YOUR TASK >>
The whole listing is to be written out again exactly; the pictures are not.

INPUT DATA >>

━━━━━━━━

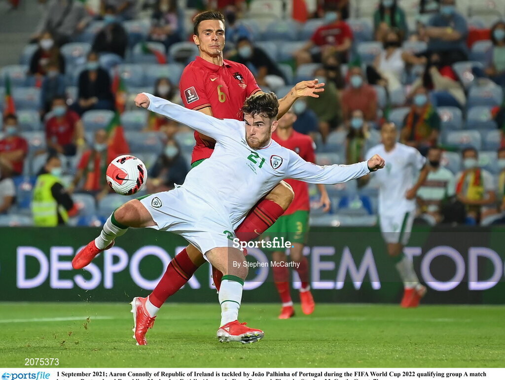 1 September 2021; Aaron Connolly of Republic of Ireland is tackled by João Palhinha of Portugal during the FIFA World Cup 2022 qualifying group A match between Portugal and Republic of Ireland at Estádio Algarve in Faro, Portugal. Photo by Stephen McCarthy/Sportsfile
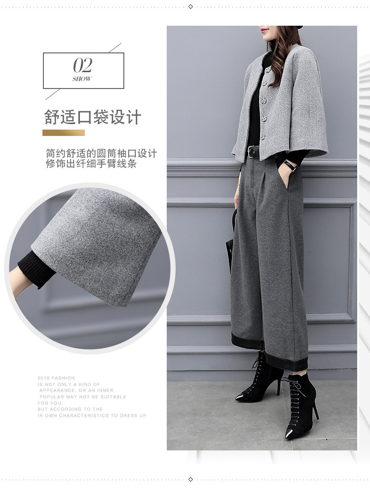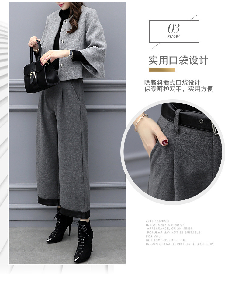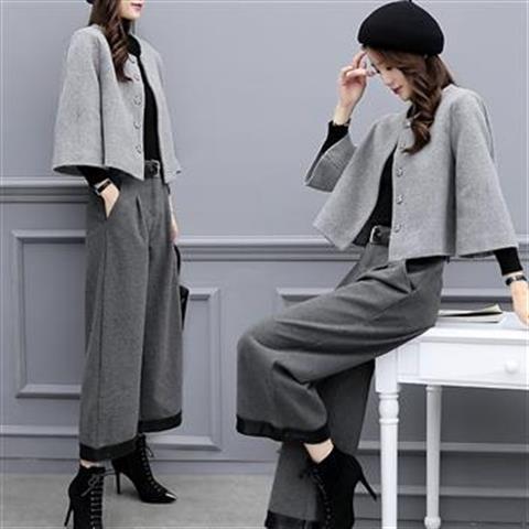 2025 신상 여성 가을 겨울 빅사이즈 투피스 세트 모직 숏 재킷 와이드 팬츠 캐주얼 패션 세트 여성 트렌드
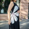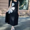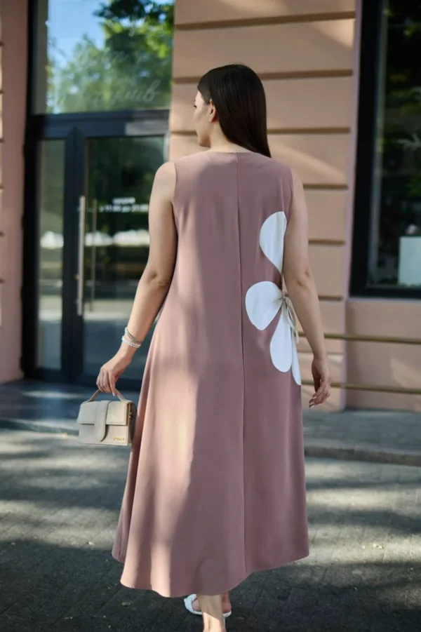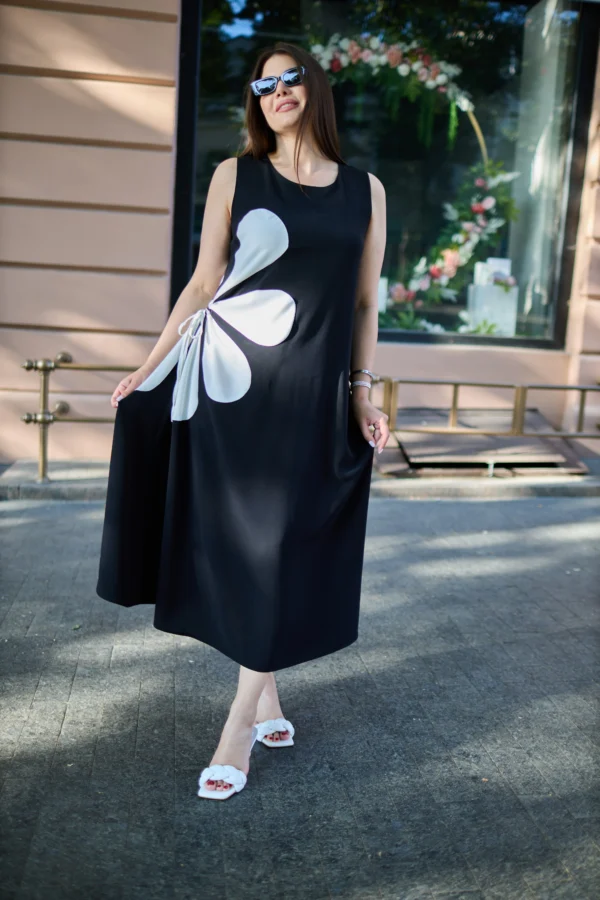 Эффектный летний сарафан макси длины — идеальный вариант для торжественных случаев. А-силуэт выгодно подчеркивает фигуру, а горловина в форме лодочки добавляет образу элегантности. Особое внимание привлекает контрастный цветок сбоку — яркий акцент и главная изюминка модели. Благодаря удобной затяжке форму цветка можно регулировать. Сарафан создан для женщин plus size: модно, стильно и доступно!

━━━━━━━━

EXERCISE RESPONSE >>
 1 September 2021; Aaron Connolly of Republic of Ireland is tackled by João Palhinha of Portugal during the FIFA World Cup 2022 qualifying group A match between Portugal and Republic of Ireland at Estádio Algarve in Faro, Portugal. Photo by Stephen McCarthy/Sportsfile
 2025 신상 여성 가을 겨울 빅사이즈 투피스 세트 모직 숏 재킷 와이드 팬츠 캐주얼 패션 세트 여성 트렌드
 Эффектный летний сарафан макси длины — идеальный вариант для торжественных случаев. А-силуэт выгодно подчеркивает фигуру, а горловина в форме лодочки добавляет образу элегантности. Особое внимание привлекает контрастный цветок сбоку — яркий акцент и главная изюминка модели. Благодаря удобной затяжке форму цветка можно регулировать. Сарафан создан для женщин plus size: модно, стильно и доступно!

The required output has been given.